Oxalic acid (H2C2O4) can be used to remove rust according to the following balanced equation:
Fe2O3 + 6H2C2O4 --> 2Fe(C2O4)33- +3H2O + 6H+
Calculate the number of grams of rust that can be removed by 5.00 x 102 ml of a 0.122M solution of oxalic acid.
My first thought is since when is rust IronIII oxide?
Ok, how many moles of oxalic acid?
moles=.500l*.122=you do it.
Now, moles of IronIIIoxide=moleacid *6)
Then, convert moles of ironIII oxide to grams.
6.6 grams of rust
To calculate the number of grams of rust that can be removed by a given volume of oxalic acid solution, you need to follow these steps:
Step 1: Convert the volume of the oxalic acid solution from milliliters (mL) to liters (L).
To convert milliliters to liters, you divide the given volume by 1000:
5.00 x 10^2 mL ÷ 1000 = 0.500 L
Step 2: Calculate the number of moles of oxalic acid in the solution using the molarity (M) and volume (V) of the solution.
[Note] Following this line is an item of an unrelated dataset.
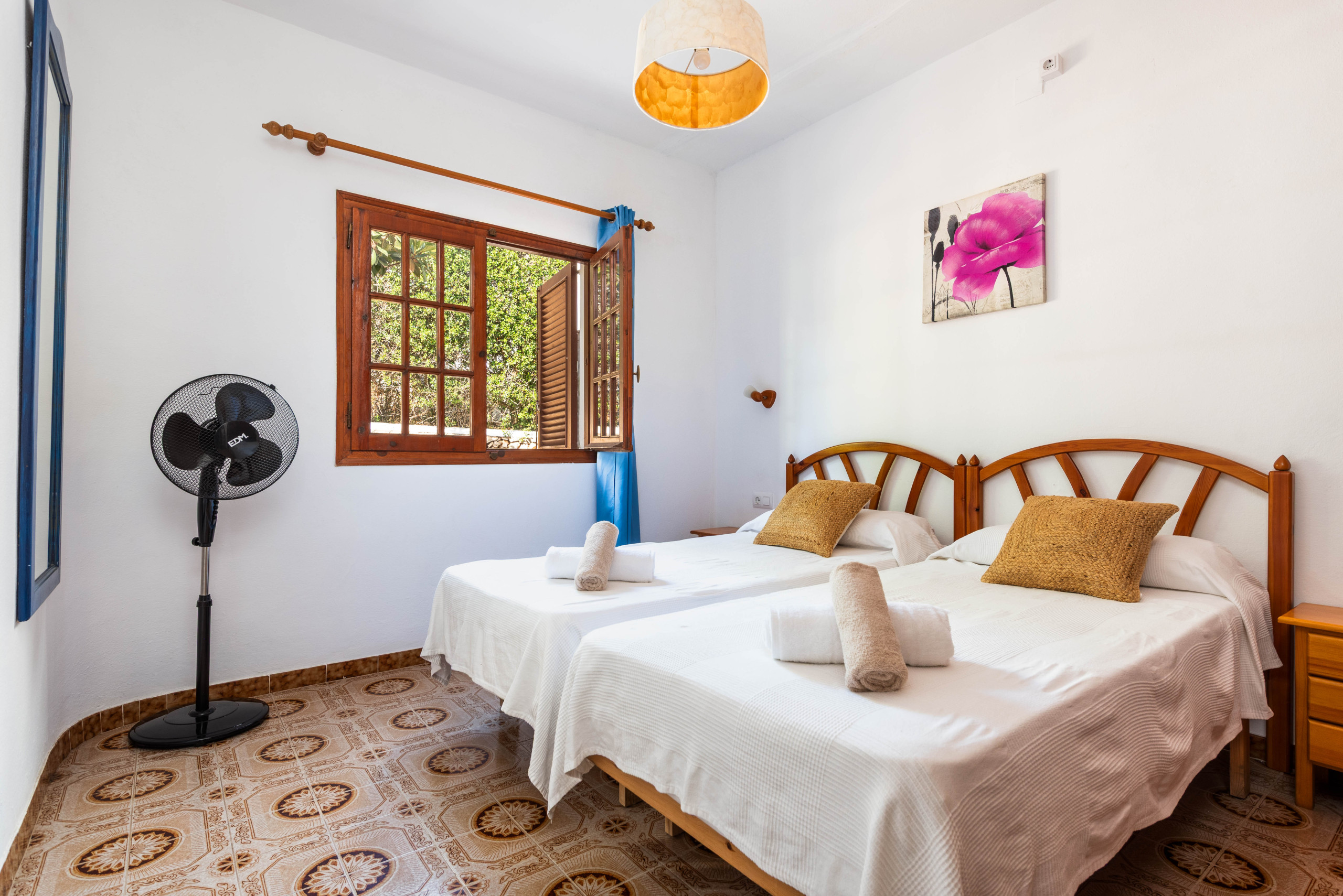 The villa has three bedrooms, the main room, a little larger and with access to the terrace with sea views, has a double bed, air conditioning and an en-suite bathroom with a bathtub, and the other 2 bedrooms ( with fans ) with 2 single beds each . Finally a separate bathroom with bathtub.
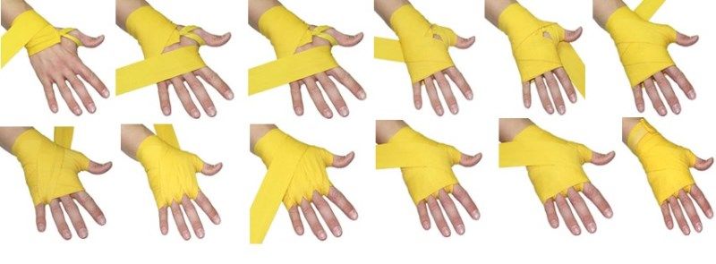 A more sophisticated way of fixing the hand and wrist, providing reliable protection to the ligaments and increasing the power of the blow. The winding technique in this case involves the cross-winding of the bandage on the phalanges of the fingers. The main thing is that it is impossible for wrinkles to appear and the edges of the bandage to twist. For such a fixation of the hand, at least 4.5 meters of bandage will be required, depending on the size of the hand.

The equation is: moles = Molarity x Volume
moles = 0.122 M x 0.500 L = 0.061 mol
Step 3: Use the balanced equation to determine the ratio of moles of rust (Fe2O3) to moles of oxalic acid (H2C2O4).
From the balanced equation, the stoichiometric ratio is:
1 mol Fe2O3 : 6 mol H2C2O4
Step 4: Convert moles of oxalic acid to moles of rust using the stoichiometric ratio.
moles of rust = 0.061 mol H2C2O4 x (1 mol Fe2O3 / 6 mol H2C2O4) = 0.0102 mol Fe2O3
Step 5: Calculate the molar mass of Fe2O3.
The molar mass of Fe2O3 is the sum of the atomic masses of iron (Fe) and oxygen (O), taking into account the subscripts in the formula:
2(55.845 g/mol Fe) + 3(16.00 g/mol O) = 159.69 g/mol
Step 6: Calculate the mass of rust using the moles of rust and the molar mass of Fe2O3.
mass of rust = moles of rust x molar mass of Fe2O3
mass of rust = 0.0102 mol Fe2O3 x 159.69 g/mol = 1.63 g
Therefore, 5.00 x 10^2 mL of a 0.122 M solution of oxalic acid can remove approximately 1.63 grams of rust.